Amazon and Microsoft just scored a huge $100 million cloud deal that can't be making IBM too happy

Jeff Bezos Michael Seto/Business Insider

Amazon and Microsoft are quickly becoming the king and queen of cloud computing.

Here's another case in point: the two of them just won a huge contract with the FAA, led by IT consultant CSC. This contract will consolidate the FCC's data centers, moving data to both Amazon's cloud Amazon Web Services (AWS) and Microsoft's cloud, Azure.

CSC says the contract is worth $108 million out of the gate, and because its a long-term contract, could be worth as much as $1 billion over the next 10 years.

The FAA isn't getting rid of its data centers altogether to run on AWS and Azure (although that is increasingly becoming a thing that huge companies like Netflix and Yahama of America are doing - both of whom are using AWS).

The FAA is just trying to shrink its data centers and use the two clouds as much as it can - a type of cloud computing known as "hybrid" computing. A lot of big organizations are moving towards hybrid computing these days, rather than ditching their own data centers altogether.

The most interesting thing about this announcement: IBM was left out in the cold.

IBM and the FAA have a long and storied relationship, stretching back for decades. That's not to say that the FAA is dropping its relationship with IBM completely. But it's interesting that of the two clouds FAA chose for this huge consolidation project, IBM didn't make the cut.

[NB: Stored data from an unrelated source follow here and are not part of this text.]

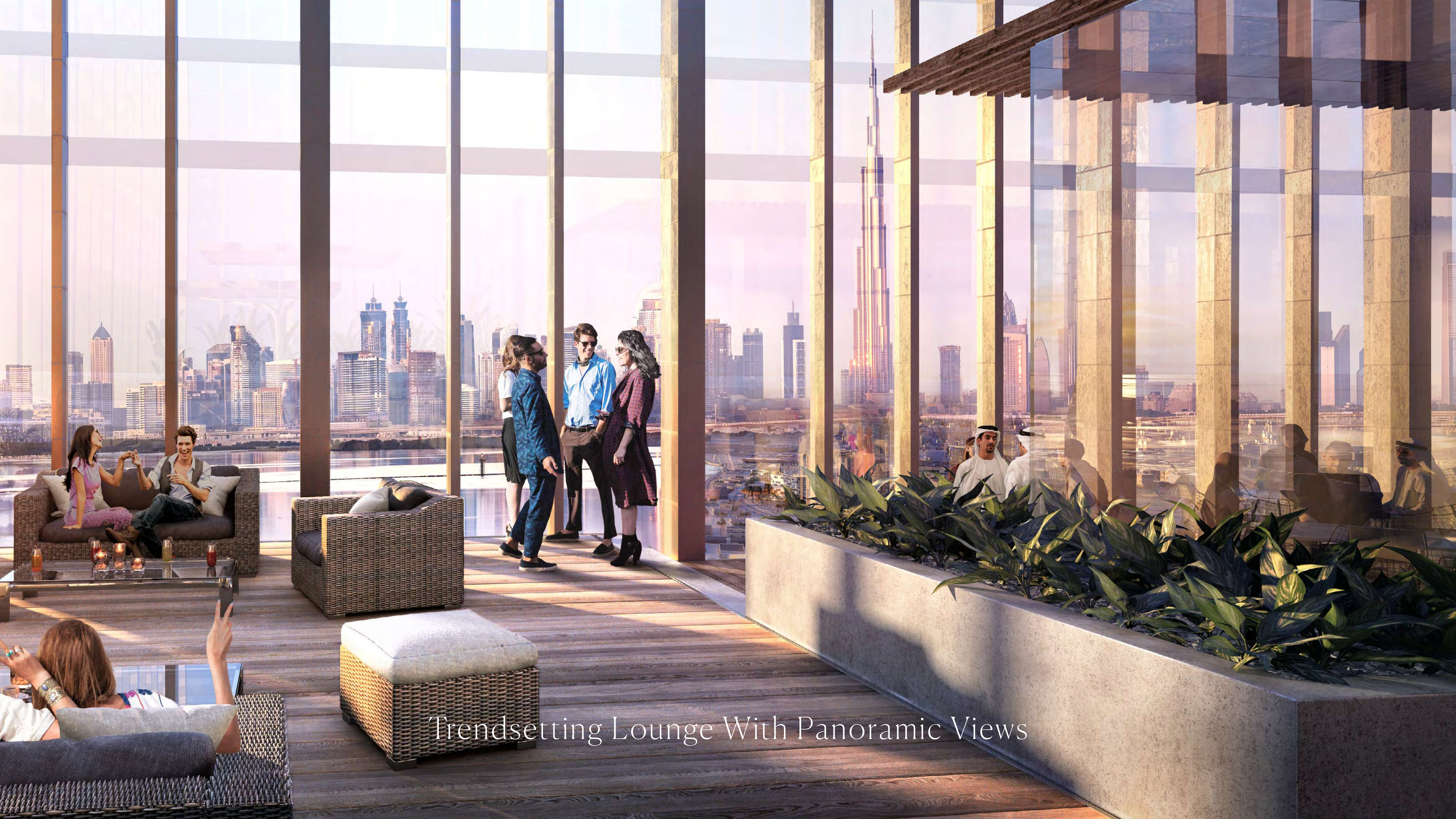
Trendsetting Lounge With Panoramic Views
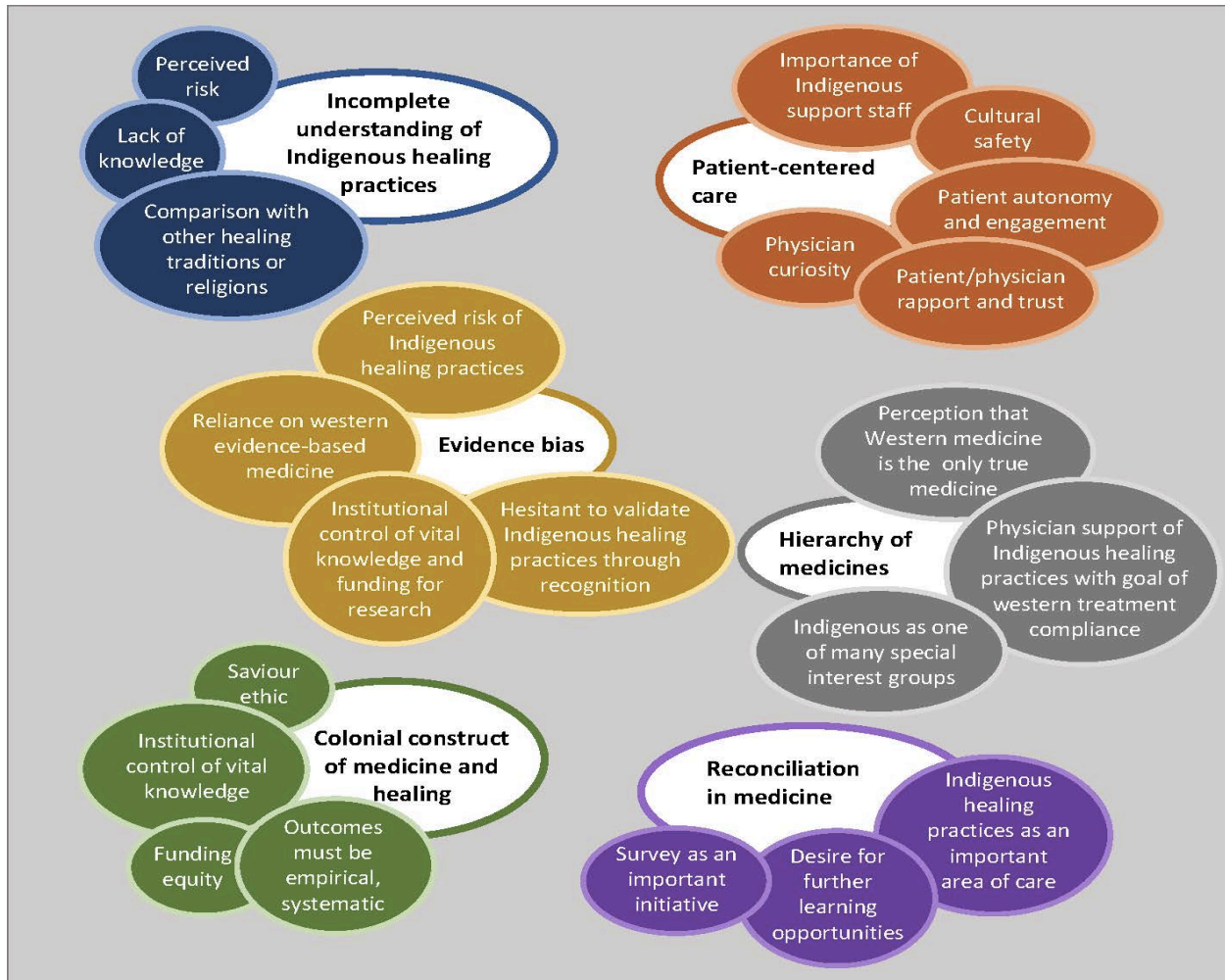
Figure 2. Overarching qualitative themes extracted from the text responses (larger, open bubbles) and their sub-themes (smaller, filled bubbles), with quotes from respondents that illustrate the themes.
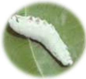
Metarhizium (= Nomuraea ) rileyi
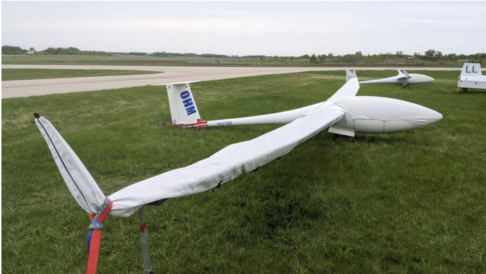
Schleicher ASW-27 Wing Covers

WINTER USE MATERIAL - Made with Solution-Dyed Polyester fabric, this option is intended for seasonal use to aid in deicing, rain mitigation, or for occasional travel. The material is lighter and more compact, but more susceptible to UV damage and may have a shorter useful life if used continuously outside than the all-year use material.

IBM is battling big time for its share of the huge-and-growing cloud computing market and is currently placed third, according to Synergy Research.

But Amazon is killing it when it comes to winning business from government agencies with extreme security needs. A couple of years ago, it famously won a contract to build a new cloud for the CIA out from IBM.

That cloud has become a big winner, not just for Amazon and the CIA, but all the intelligence agencies are reportedly loving this new cloud, Fortune's Barb Darrow reported.

And, as we predicted back in 2013, that win meant that Amazon would be in good standing with other government agencies, not to IBM's benefit.

We reached out to IBM for comment and will update when we hear back.

Disclosure: Jeff Bezos is an investor in Business Insider through hispersonal investment company Bezos Expeditions.